Sotomayor: US Supreme Court still feeling loss of Scalia
Published 10:00 am Tuesday, October 18, 2016
MINNEAPOLIS — The U.S. Supreme Court continues to deeply feel the loss of Justice Antonin Scalia eight months after his death, and his empty seat makes it harder for the surviving eight justices to do their job of resolving some of the country’s most vexing legal questions, Justice Sonia Sotomayor said Monday.
Sotomayor, who spoke at the University of Minnesota, noted that the Supreme Court was designed to have nine justices so it can break ties on difficult cases.
“We try to come to decision-making as best as we can,” she said. “Where we can find a very, very narrow way of deciding a case, we use it.”
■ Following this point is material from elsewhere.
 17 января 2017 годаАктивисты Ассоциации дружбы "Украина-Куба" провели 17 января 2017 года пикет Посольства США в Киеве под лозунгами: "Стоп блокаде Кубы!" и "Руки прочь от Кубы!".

Sotomayor did not directly address how filling Scalia’s seat has become a divisive issue in the presidential race between Democrat Hillary Clinton and Republican Donald Trump. The GOP-controlled Senate has so far refused to act on Democratic President Barack Obama’s nomination of Merrick Garland to replace the conservative Scalia, saying it should be up to the next president to pick Scalia’s successor.
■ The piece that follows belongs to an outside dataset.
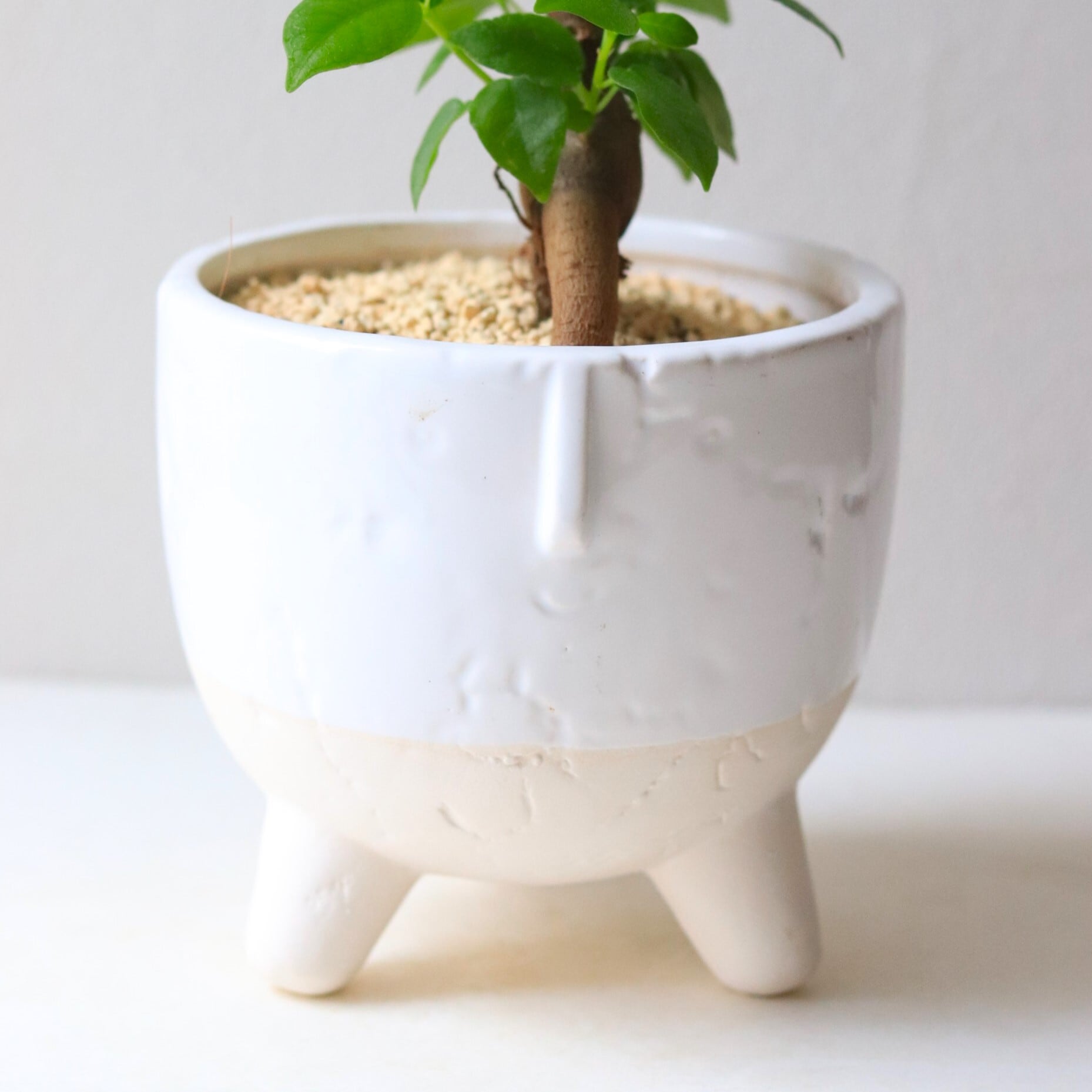 お顔をモチーフにしたユニークな鉢とセットです(底穴なし)

But those politics have complicated the internal workings of the Supreme Court, which often needs at least five votes to decide a closely contested case. A 4-4 tie means the last lower court decision stands. It also takes four votes for the high court to agree to hear a case. Sotomayor said nearly all the cases the Supreme Court takes involve disagreements between appeals courts in different federal circuits across the country.